Bad Luck in the Dating Game

Dating is a lot more difficult than I thought it’d be.

I thought my biggest concern would have been on how I would meet someone to date. I never really anticipated the anxiety that came with dating. Probably because I never really opened myself up to dating until recently. So I decided to try my luck at Tinder. A friend of my actually met her present boyfriend through Tinder. I hoped I could find someone too. Once I joined, I quickly realized it was all about hook ups and being friends with benefit (fwb). I wasn’t sure what exactly I was looking for but I knew I didn’t want to hook up with some stranger.

The first guy I considered dating wasn’t exactly interested in a relationship. We matched on Tinder and because friends that texted for a while but I never met him in person regardless of going to the same school. One night we were texting while my friends and I were together. I decided to invite him over and that began our short fwb relationship (feel free to judge). I was bored and he made things a bit less boring. It was different then my regular routine of school, work, and friends. It didn’t last long and we’re still friends so that’s a plus.

The second guy was someone new.  From the start, I knew I couldn’t trust him. You see, he added me on Snapchat but I doubt he was honest about how he got my username. I know I put it on Tinder but why couldn’t he just admit that? There was no other way he could have gotten my user otherwise. We dated for about a month. It was fine but the lack of trust was always there. There was also the factor of him being really immature. It was always about him and what he wanted. Adding that to the fact that I wasn’t very interested after a few days, I decided to continue dating him anyways. Why? Simply because I was curious as to where it would lead. I know, I’m a terrible person. Anyways, his feelings ran a lot deeper than mine and I think he sensed that because he constantly tried to appeal to my empathy. I probably would have dated him longer if he wasn’t so narcissistic. The thing is that he wasn’t very attractive nor did he have any personality traits that would help me overlook all his cockiness. Long story short, I ended it and am much happier without him in my life.

But then something unexpected happened. We’ll just stick with the pattern and call him the third guy. So the third guy coincidentally messaged me a day after I ended things with the second guy. I thought maybe he was the player type but figured it’d be nice to have someone to talk to. I’d at least gain a friend, right? We started talking every day. They weren’t long, deep conversations just a here and there kind of thing but surprisingly, I started to like this guy. We met, played some pool, and hang out one night. After we parted way, he called me that night and asked me out on a date. Of course I said yes. The date was nice, movies then sitting in the car just talking for a while. Fast forward a few weeks and we’re still dating, getting to know each other and all that jazz. I thought things were moving really slow but still good. Turns out I was wrong because he suddenly hit me with “Thing aren’t working.”

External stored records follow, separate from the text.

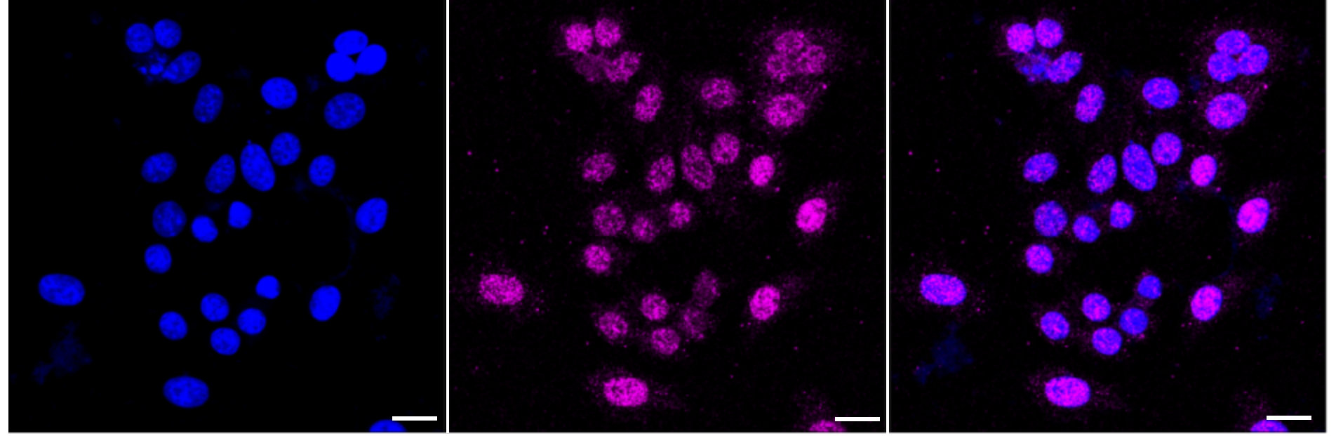 • Immunocytochemical staining of HepG2 cells with Forkhead box O3 antibody. Nuclei were stained blue with DAPI; Forkhead box O3 was stained magenta with Alexa Fluor? 647. Images were taken using leica stellaris 5. Protein abundance based on laser intensity and smart gain: Medium. Scale bar: 20 μm.
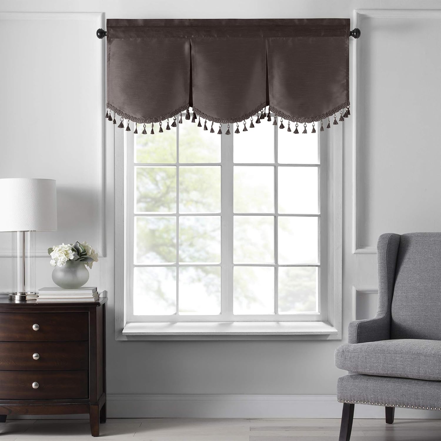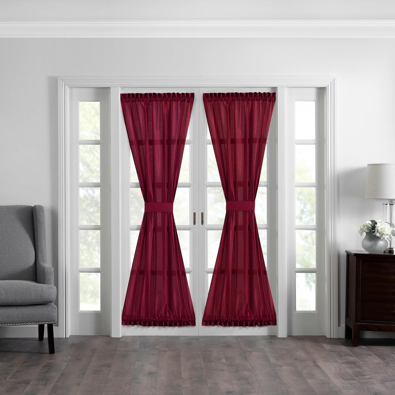 The Colette faux-silk window collection adds beauty and class to your living room, dining room, or entryway windows, and features faux-silk dupioni and a luxurious sheen and texture. Each separately sold piece, from the sidelight panel to the blackout panel, will dress up any room. Available in a variety of solid colors, these window treatments will match any home aesthetic. The classic patterns and lovely design will become the focal point of any room in your home. Each piece in this collection is made from durable 100% polyester. The sidelight curtain measures 28" W x 72" L, has 2-inch top and bottom rod pockets and a 1.5-inch decorative header, and comes with a matching tieback. The French door window panel measures 54" W x 72" L, has 2-inch top and bottom rod pockets with a 1.5-inch decorative header, and comes with a matching tieback. The blackout panel is available in multiple sizes: 52" W x 84" L, 52" W x 95" L, and 52" W x 108" L. It has a 3-inch rod pocket with a 1.5-inch decorative header. The scalloped valance measures 50" W x 21" L and has a 3-inch rod pocket with a 1.5-inch decorative header. Simply machine wash and dry each piece to keep it looking amazing.Established in 1922, Elrene Home Fashions was founded on the principles of quality and guaranteed satisfaction. With the help of our expert artists and designers, we produce high-quality, fashionable home decor for every home and decorating palate. We are 100% committed to our customers and strive to give the very best in all of our products.
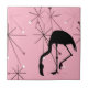 “Pink Flamingo Mid Century Modern” ceramic tile is for your space when you want it to feel brighter, happier, and more full of personality. The soft pink background, atomic starbursts, and bold flamingo silhouette give you that clean retro look that instantly adds charm without feeling heavy or cluttered. It works beautifully when you want your bathroom, patio, kitchen, bar area, or gallery wall to feel playful, stylish, nostalgic, and unmistakably yours.
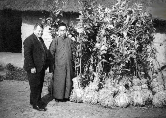 1939年,丁克生(左)与弟子在农场待种的果树苗前。
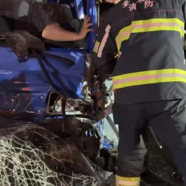 正氣北路自小貨自撞路邊拖吊車
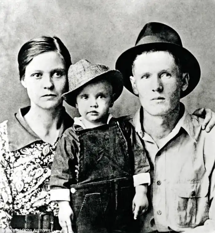 Двухлетний Элвис с отцом и матерью
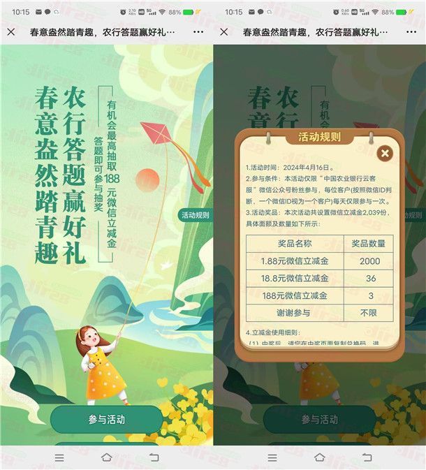 参加农行云客服举办的春意盎然踏青趣答题抽微信立减金活动,通过打开微信进去活动里,只要答对1道题提交后就可以抽奖(答案全选),每个微信只有1次抽奖机会,有机会中到1.88-188元微信立减金,中到的微信立减金全国农行卡都可以使用,非必中。
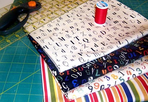 - ¾ yard of 44- 45″ wide fabric: we used Alfabeto Italiano Collezione from Michael Miller Fabrics in Cream Numeri Piccolo
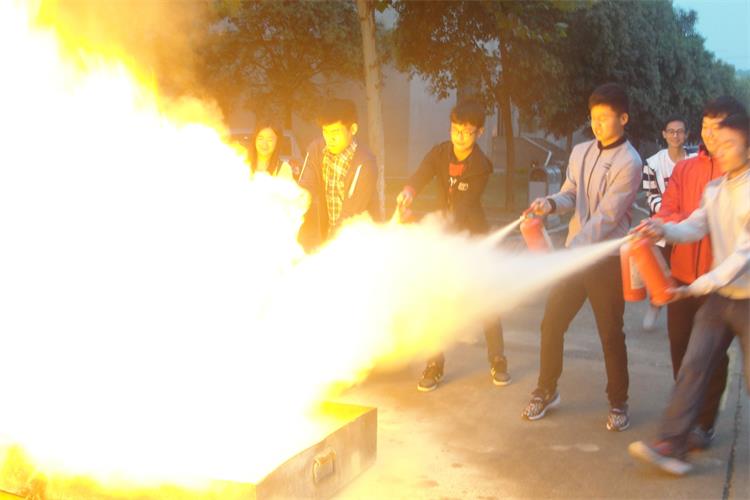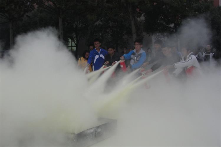 在安全教育课后,组织学生进行现场“消防灭火演练”活动,让学生进行灭火实际操作,使同学们对灭火器的使用有了深刻体会。
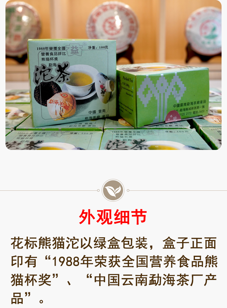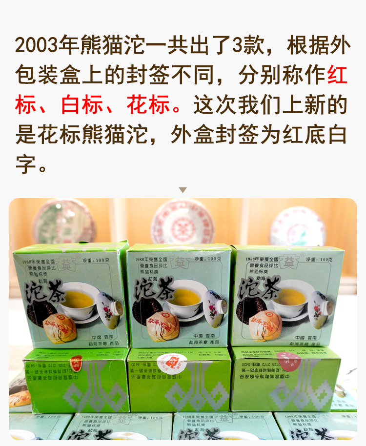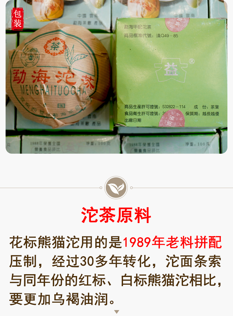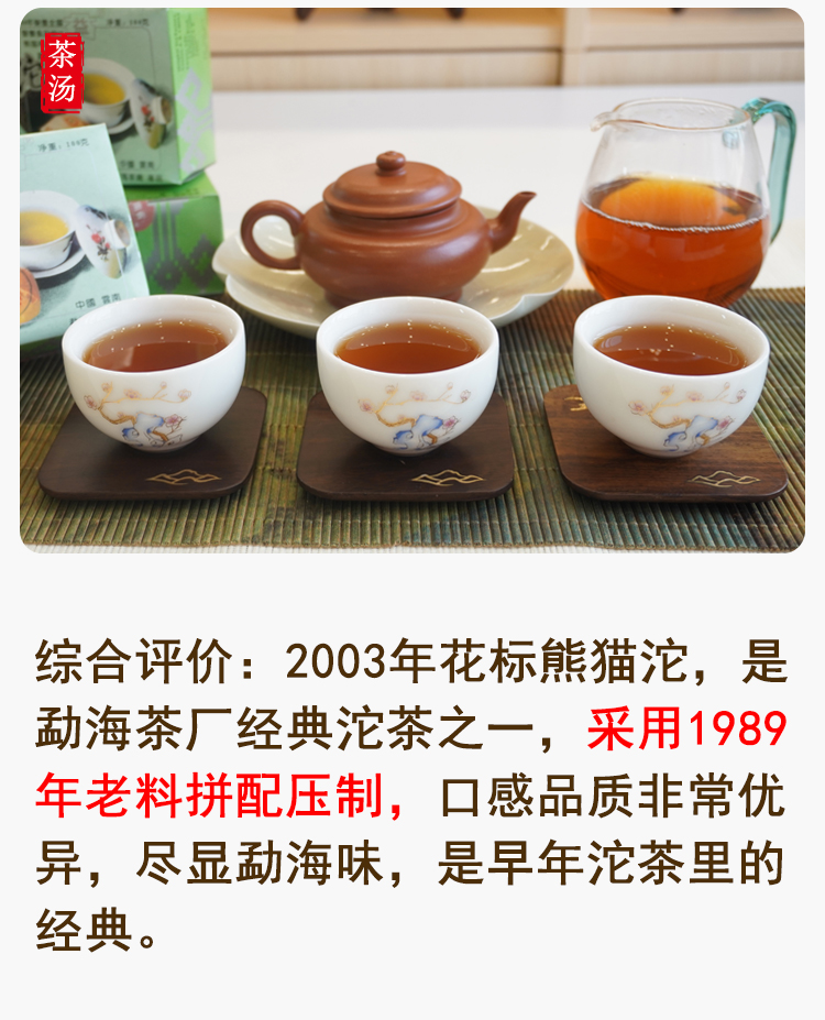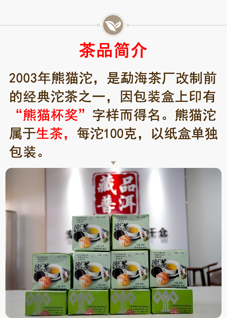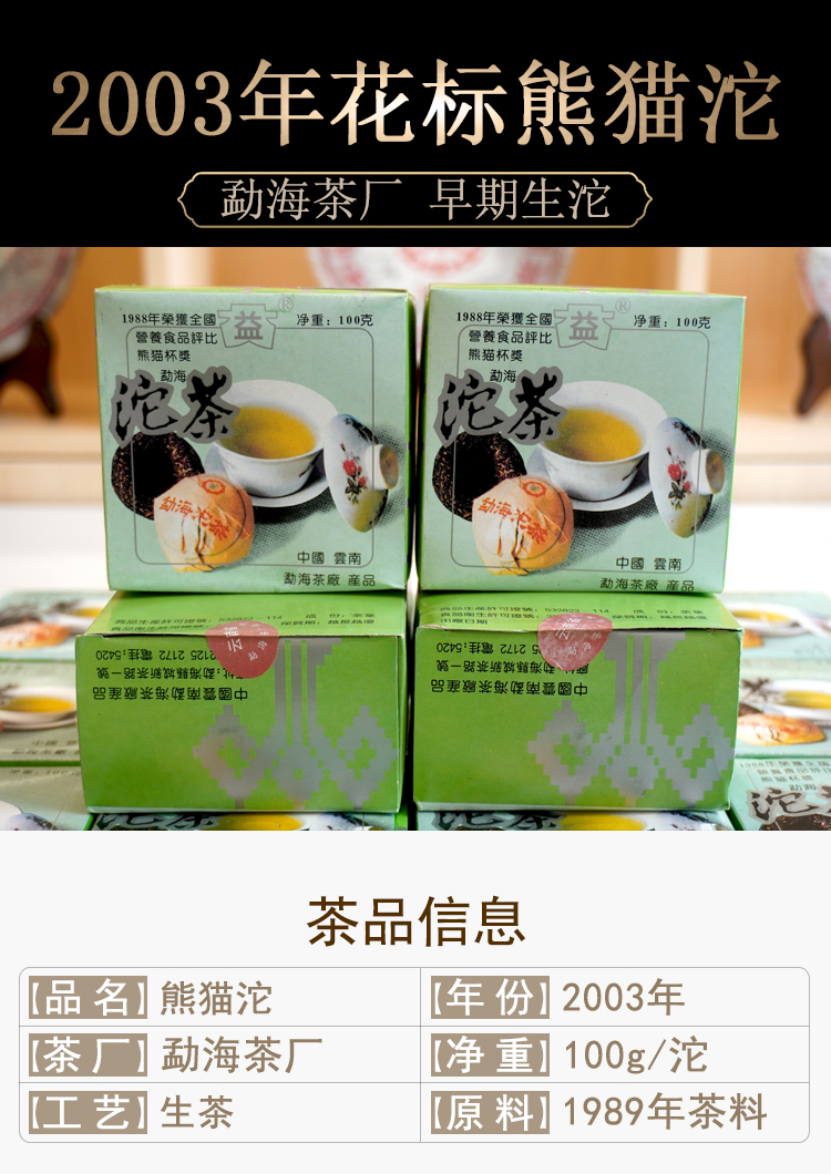 2003年老勐海茶厂熊猫沱普洱老生茶 花标批次也叫花沱 钢印1989年原料日期 1盒100克 干仓真品标价为一盒的价格

It made me pause. After a beat, what could I say but “Okay.” I was so confused because it had completely blindsided me. We had made plans to hang out in a couple days. Because our schedules didn’t mesh well, I took off work and was excited to see him and spend more time with him. I don’t know if his intention was to lead me on but I feel like I was lead on. It stung. Here was a guy I actually wanted to date. I liked him enough but I knew I could never fall in love with him or anything. I wanted that relationship to work out. Instead we left things off with him needing to think but wanting to stay friends and me single yet again. Which is totally fine. I happen to like being single but it does get lonely.

Life isn’t fair and dating isn’t easy. You could meet a guy and be completely into him. Feel the chemistry and everything but at the end of the day, if he’s not feeling the same, that relationship isn’t going anywhere. I can’t say I’m heartbroken but I am sad that things ended before they really had chance at beginning. With the chain of bad luck in dating, I’m starting to think maybe I’m meant to be single. I’m young with plenty of time to meet someone but with no prospects I’m interested in, I’m convinced it means being forever alone. Well, at least it’ll save me from heartache.